Supported Models & Hardware
Supported Models
Takeoff supports most generation & embedding models natively supported by HuggingFace Transformers, which includes most models available on the HuggingFace Hub.
Models from the Llama-2
, Mistral
or Mixtral
families benefit from further optimisations to the base Takeoff optimisations.
Multi-GPU support is also available for models from these families, enabled by specifying the devices to use with the TAKEOFF_CUDA_VISIBLE_DEVICES
variable.
Models which are quantized using AWQ are supported, with AWQ being the recommended method with which to run large models on smaller hardware. Read more about AWQ and Quantization here.

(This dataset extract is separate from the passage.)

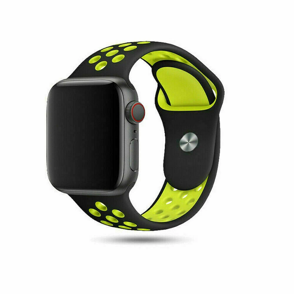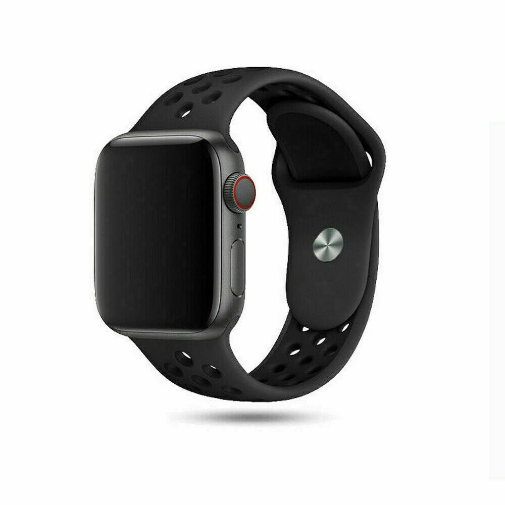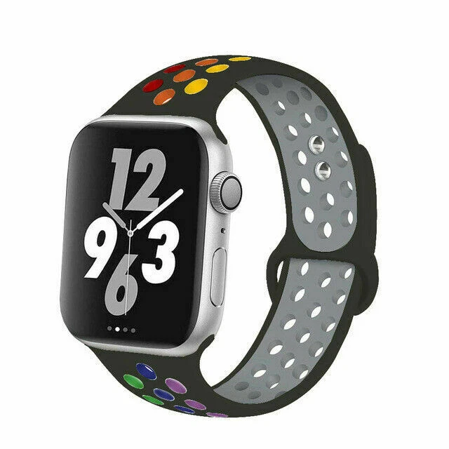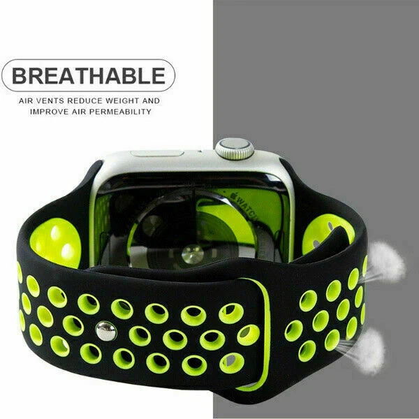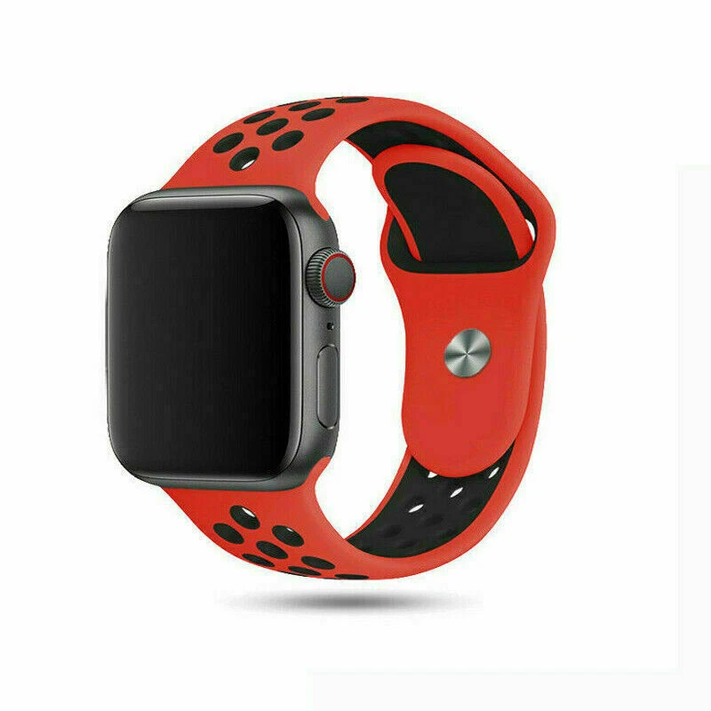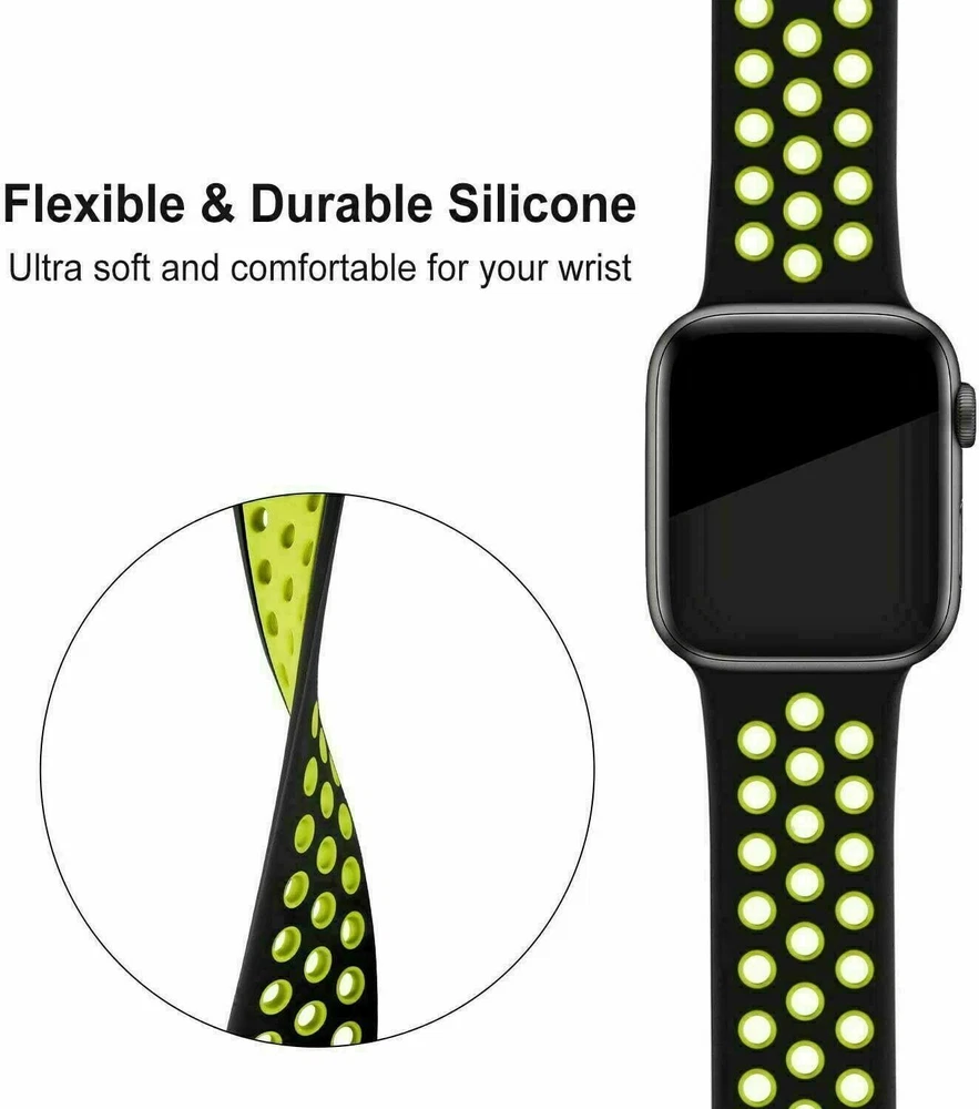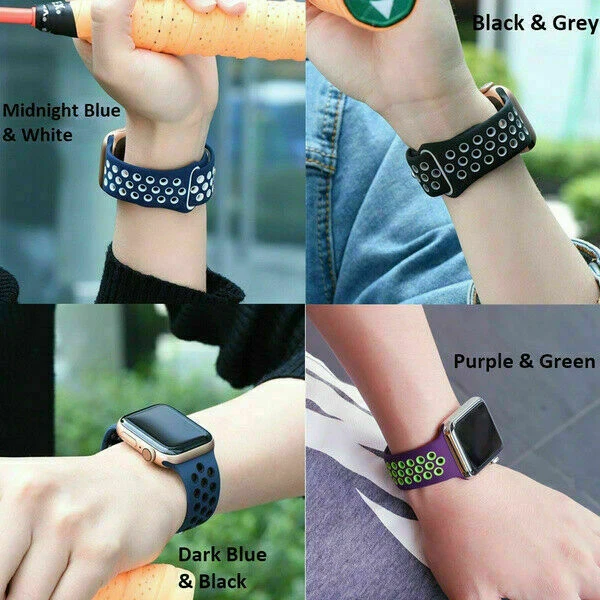 40/44/41/45mm iWatch Silicone Sport Band Strap for Apple Watch Ultra 9 8 7 6 5 SE Features: 100% Brand New & High Quality: Made with hypoallergenic, nickel-free stainless steel metal parts, ensuring comfort and safety. Durable Silicone Material: Crafted from pure silicone, the band is flexible, durable, and soft, providing a comfortable fit for everyday wear. Easy to Wear & Install: The band comes with watch lugs on both ends, securely locking onto your Apple Watch without the need for tools, making it easy to install and remove. Breathable Design: Air-permeable construction promotes airflow, keeping your wrist cool. The two-toned band with a smooth finish adds a sporty and stylish look to your Apple Watch. Fit for Various Wrist Sizes: 38mm/40mm/41mm S/M size: Fits 130-180mm wrists. 38mm/40mm/41mm M/L size: Fits 150-200mm wrists. 42mm/44mm/45mm/49mm S/M size: Fits 140-190mm wrists. 42mm/44mm/45mm/49mm M/L size: Fits 160-210mm wrists. Compatible With: Apple Watch Nike+ / Ultra / Series 9 / Series 8 / Series 7 / Series 6 / Series 5 / Series 4 / Series 3 / Series 2 / Series 1 / SE Package Includes: 1x Silicone Sport Band (Note: Apple Watch is not included.) Note: All bands come with a single buckle. Colors in the photos may vary slightly due to lighting.

Selecting the right model requires optimising performance under your hardware constraints. Models are often issued in different sizes, and can be quantized to different levels, each affecting the performance and memory usage. We discuss balancing these factors in more details here.
To help you avoid Out of Memory
errors, we have also created a memory calculator that will estimate the amount of memory a model will use. This can be accessed from the Takeoff inference GUI. You can also specify your hardware's specifications to determine if a specific model can be run on your configuration. See more about using the calculator here.
Supported Models Table
Here's a list of all the supported models categorized by size that are readily available on our Hugging Face Hub. These models are divided into three categories based on their parameter size: Small Models (less than 5 billion parameters), Medium Models (between 5 billion and 13 billion parameters), and Large Models (more than 13 billion parameters).
Our Hugging Face Hub hosts various pre-trained models optimized for different use cases, from natural language processing tasks like text generation, question answering, and embeddings, to advanced multi-modal models for specific domains. This allows developers, researchers, and machine learning engineers to deploy these models directly or fine-tune them according to their needs, saving time and computational resources.
We strive to keep these models updated and continuously add new versions with optimized performance and smaller memory footprints (like quantized models). If you're looking for a model that fits your project’s specific requirements, explore the comprehensive list below:
Supported Hardware
Takeoff is designed to work across as wide a range of hardware as possible, to lower the barrier to start working with LLMs. However, to maximize performance on commonly used hardware, hardware-specific optimizations are sometimes used, which means not all hardware types can support all model optimizations. The biggest difference is between Ampere (and later) generation GPUs vs pre-Ampere generation GPUs and CPUs.
Post-Ampere specific optimizations are used for most commonly used model types and for all AWQ models. This means that on CPUs and pre-Ampere GPUs, you cannot use models like Llama, Mistral, or Mixtral out of the box, or any AWQ model.
Hardware Type | Can Use Base Model? | Can Use AWQ Model? |
---|---|---|
Post-Ampere GPUs | ✔️ | ✔️ |
Pre-Ampere GPUs | ✔️ | ❌ |
CPUs | ✔️ | ❌ |
Pre-Ampere GPUs are those from the Turing and Volta generations or earlier. This includes the T4, V100, and Quadro RTX 8000 GPUs. It also includes any GPU from the 10xx and 20xx series.
Post-Ampere GPUs are those from the Ampere or Hopper generation of GPUs or later. This includes the A10, A6000, A100, H100, L4, and L40S GPUs. It also includes any GPU from the 30xx and 40xx series.